Ultra-QuickSort

Ultra-QuickSort

题目链接：http://acm.hust.edu.cn/vjudge/contest/view.action?cid=85904#problem/A

题目：

     

Description

In this problem, you have to analyze a particular sorting algorithm. The algorithm processes a sequence of n distinct integers by swapping two adjacent sequence elements until the sequence is sorted in ascending order. For the input sequence 
9 1 0 5 4 ,
Ultra-QuickSort produces the output 
0 1 4 5 9 .
Your task is to determine how many swap operations Ultra-QuickSort needs to perform in order to sort a given input sequence.

Input

The input contains several test cases. Every test case begins with a line that contains a single integer n < 500,000 -- the length of the input sequence. Each of the the following n lines contains a single integer 0 ≤ a[i] ≤ 999,999,999, the i-th input sequence element.
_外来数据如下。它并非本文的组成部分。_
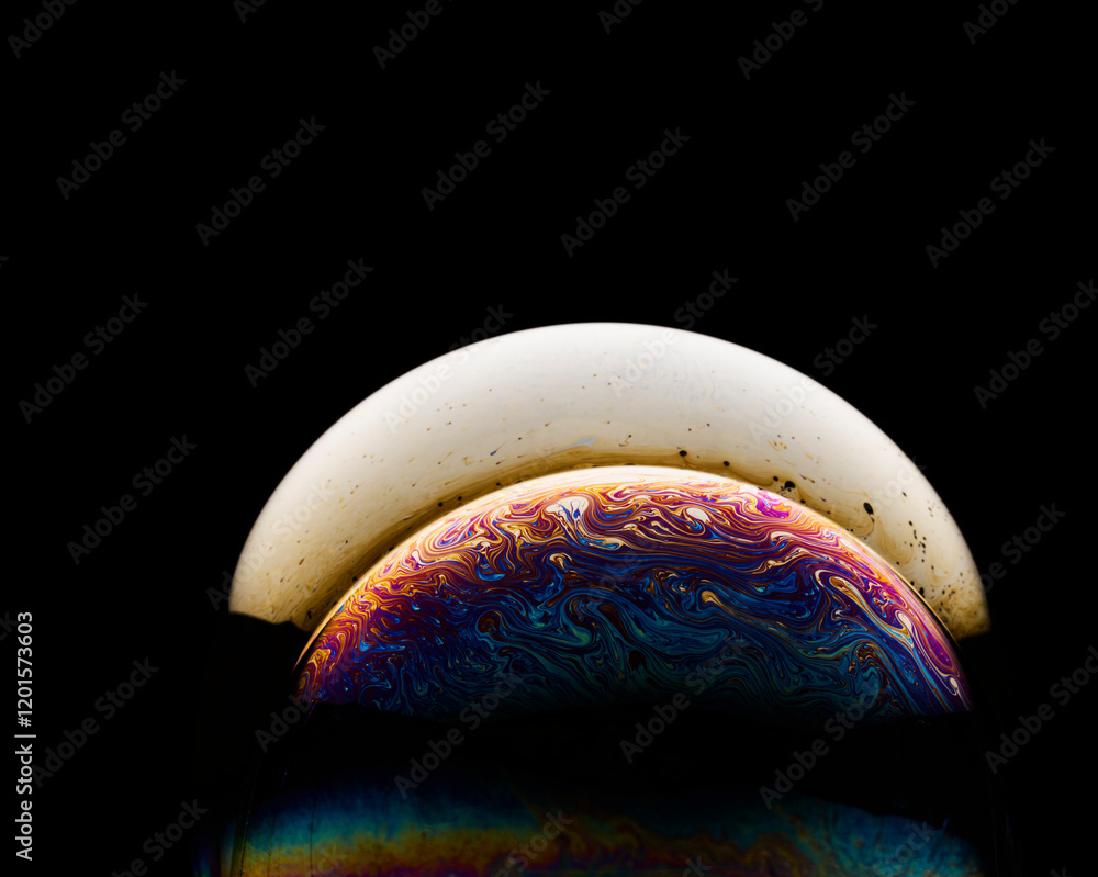 Space abstraction: bright color overflows in the style of soap bubbles. The play of light and textures creates the effect of a planet in the universe. Ideal for concepts of art and futurism.
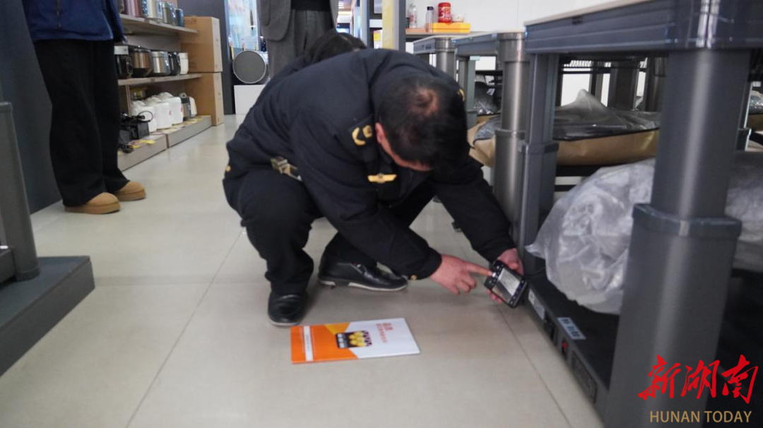 在苏宁易购青阳中路店,执法人员重点检查电取暖桌等冬季热销产品,逐一核验CCC强制认证标识、熄火保护装置等安全关键项目,严防不合格产品流入市场。

Input is terminated by a sequence of length n = 0. This sequence must not be processed.

Output

For every input sequence, your program prints a single line containing an integer number op, the minimum number of swap operations necessary to sort the given input sequence.

Sample Input

5
9
1
0
5
4
3
1
2
3
0

Sample Output

6
0


题意：
    给出一个序列，求这个序列的逆序对个数。
方法：
   用归并排序（时间复杂度为O（nlongn））法进行排序，然后在排序过程中计数即可。

#include<iostream>
using namespace std;
const int maxn=500010;
long long a[maxn],b[maxn],count=0;
int n;
void merge(long long*A,int x,int y,long long*T)
{
    if(y-x>1)
    {
       int m=x+(y-x)/2;
        int p=x,q=m,i=x;
         merge(A,x,m,T);
         merge(A,m,y,T);
            while(p<m||q<y)
            {
              if(q>=y||(p<m&&A[p]<=A[q]))
                   T[i++]=A[p++];
                   else 
                   {
                       T[i++]=A[q++];
                       count+=m-p;
                   }
            }
            for(int j=x;j<y;j++)
                A[j]=T[j];
    }
}

int main()
{
    while(cin>>n&&n)
    {    
    count=0;
    for(int j=0;j<n;j++)
        cin>>a[j];
   merge(a,0,n,b);
    cout<<count<<endl;
    }
return 0;
}